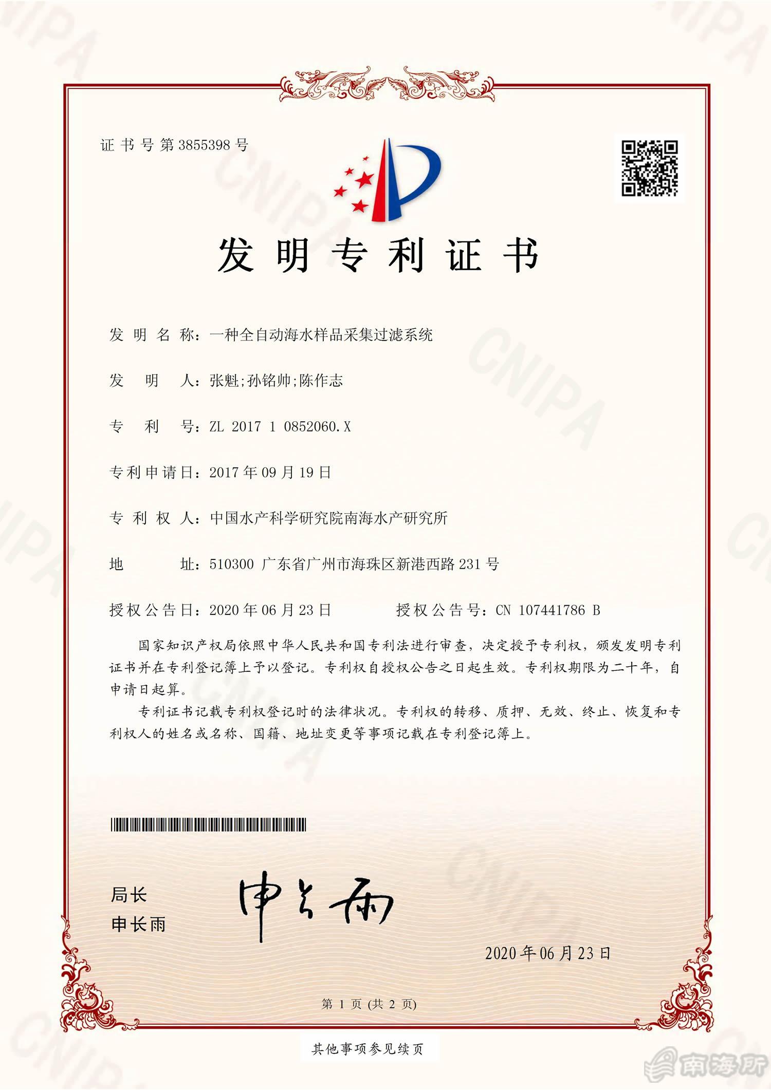鏃ュ墠錛岀敱涓浗姘翠駭縐戝鐮旂┒闄㈠崡嫻鋒按浜х爺絀舵墍寮犻瓉銆佸瓩閾竻銆侀檲浣滃織鍙戞槑鐨勨滀竴縐嶅叏鑷姩嫻鋒按鏍峰搧閲囬泦榪囨護緋葷粺鈥濊幏寰楀浗瀹跺彂鏄庝笓鍒╂巿鏉冿紝涓撳埄鍙蜂負ZL201710852060.X銆?/p>
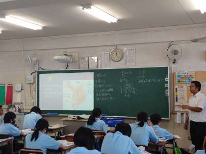1年社会の授業の様子です。古代中国の歴史について学習しています。
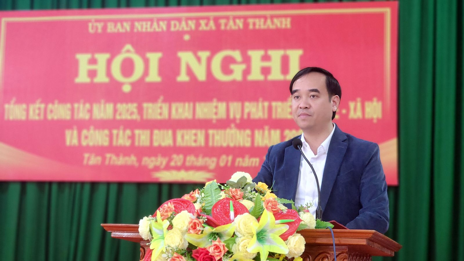 Sáng ngày 21/01/2026, UBND xã Tân Thành tổ chức hội nghị tổng kết công tác năm 2025, triển khai nhiệm vụ phát triển kinh tế - xã hội và công tác thi đua khen thưởng năm 2026. Đồng chí Nguyễn Vĩnh Phú, Bí thư Đảng uỷ, Chủ tịch HĐND xã dự và phát biểu chỉ đạo tại hội nghị.
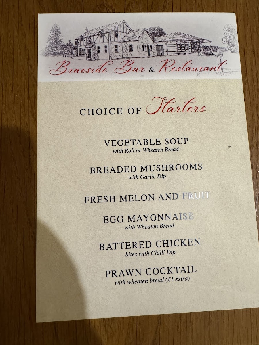 The menu at Braeside Bar & Restaurant offers a comfortable, casual dining experience built around familiar favourites and well-crafted drinks. It’s the kind of place where you can enjoy comforting plates from midday through evening, whether you’re dropping in for a relaxed lunch or settling down for a hearty dinner.
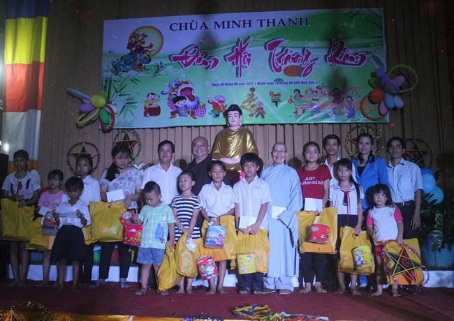 Dịp này, gần 1000 phần quà (gồm: bánh trung thu, lồng đèn, kẹo, đồ chơi …) đã được Thượng tọa Thích Minh Lực, Sư cô trụ trì chùa Minh Thạnh và các mạnh thường quân trao cho các bé để vui đón mừng đêm Trung thu.
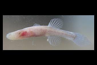 Figure 1. Typhlichthys subterraneus collected 25 November 2015 from Crane Cave (GCZ80), Catoosa County, Georgia. Photograph by B.R. Kuhajda.Se trata del pez Typhlichthys subterraneus, un bonito ejemplar ciego de aguas subterránea. Este trabajo también se puede ver completo en la web de la revista, en el siguiente enlace:
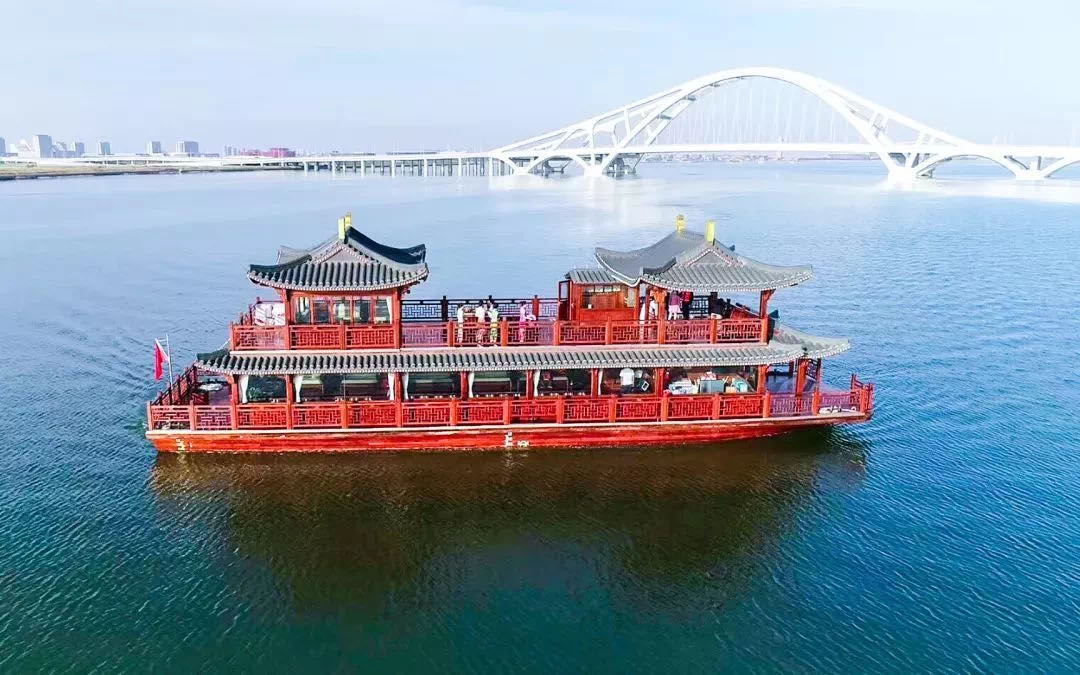 画舫是一艘中国风的仿古游船,船长27.7米,宽7.5米,设有88客位。船体的框架根据中华民族唐代徽派传统建筑风格建造,同时进行了红木的内外包装及装修,房间内的装修及家具古香古色均为红木实木,船舱内设有卡拉OK,可提供船餐服务、观光游览、举行古典婚礼、商务会议、学术交流、产品推介、私人聚会等比较大型的活动。画舫船,整体工艺精湛,风格高雅大方,低调奢华、建筑考究,堪称一件精美的艺术品。

### Requirement
Copy the entries exactly. Leave the pictures out.

### Solution for this task
鏃ュ墠錛岀敱涓浗姘翠駭縐戝鐮旂┒闄㈠崡嫻鋒按浜х爺絀舵墍寮犻瓉銆佸瓩閾竻銆侀檲浣滃織鍙戞槑鐨勨滀竴縐嶅叏鑷姩嫻鋒按鏍峰搧閲囬泦榪囨護緋葷粺鈥濊幏寰楀浗瀹跺彂鏄庝笓鍒╂巿鏉冿紝涓撳埄鍙蜂負ZL201710852060.X銆?/p>
1年社会の授業の様子です。古代中国の歴史について学習しています。
 Sáng ngày 21/01/2026, UBND xã Tân Thành tổ chức hội nghị tổng kết công tác năm 2025, triển khai nhiệm vụ phát triển kinh tế - xã hội và công tác thi đua khen thưởng năm 2026. Đồng chí Nguyễn Vĩnh Phú, Bí thư Đảng uỷ, Chủ tịch HĐND xã dự và phát biểu chỉ đạo tại hội nghị.
 The menu at Braeside Bar & Restaurant offers a comfortable, casual dining experience built around familiar favourites and well-crafted drinks. It’s the kind of place where you can enjoy comforting plates from midday through evening, whether you’re dropping in for a relaxed lunch or settling down for a hearty dinner.
 Dịp này, gần 1000 phần quà (gồm: bánh trung thu, lồng đèn, kẹo, đồ chơi …) đã được Thượng tọa Thích Minh Lực, Sư cô trụ trì chùa Minh Thạnh và các mạnh thường quân trao cho các bé để vui đón mừng đêm Trung thu.
 Figure 1. Typhlichthys subterraneus collected 25 November 2015 from Crane Cave (GCZ80), Catoosa County, Georgia. Photograph by B.R. Kuhajda.Se trata del pez Typhlichthys subterraneus, un bonito ejemplar ciego de aguas subterránea. Este trabajo también se puede ver completo en la web de la revista, en el siguiente enlace:
 画舫是一艘中国风的仿古游船,船长27.7米,宽7.5米,设有88客位。船体的框架根据中华民族唐代徽派传统建筑风格建造,同时进行了红木的内外包装及装修,房间内的装修及家具古香古色均为红木实木,船舱内设有卡拉OK,可提供船餐服务、观光游览、举行古典婚礼、商务会议、学术交流、产品推介、私人聚会等比较大型的活动。画舫船,整体工艺精湛,风格高雅大方,低调奢华、建筑考究,堪称一件精美的艺术品。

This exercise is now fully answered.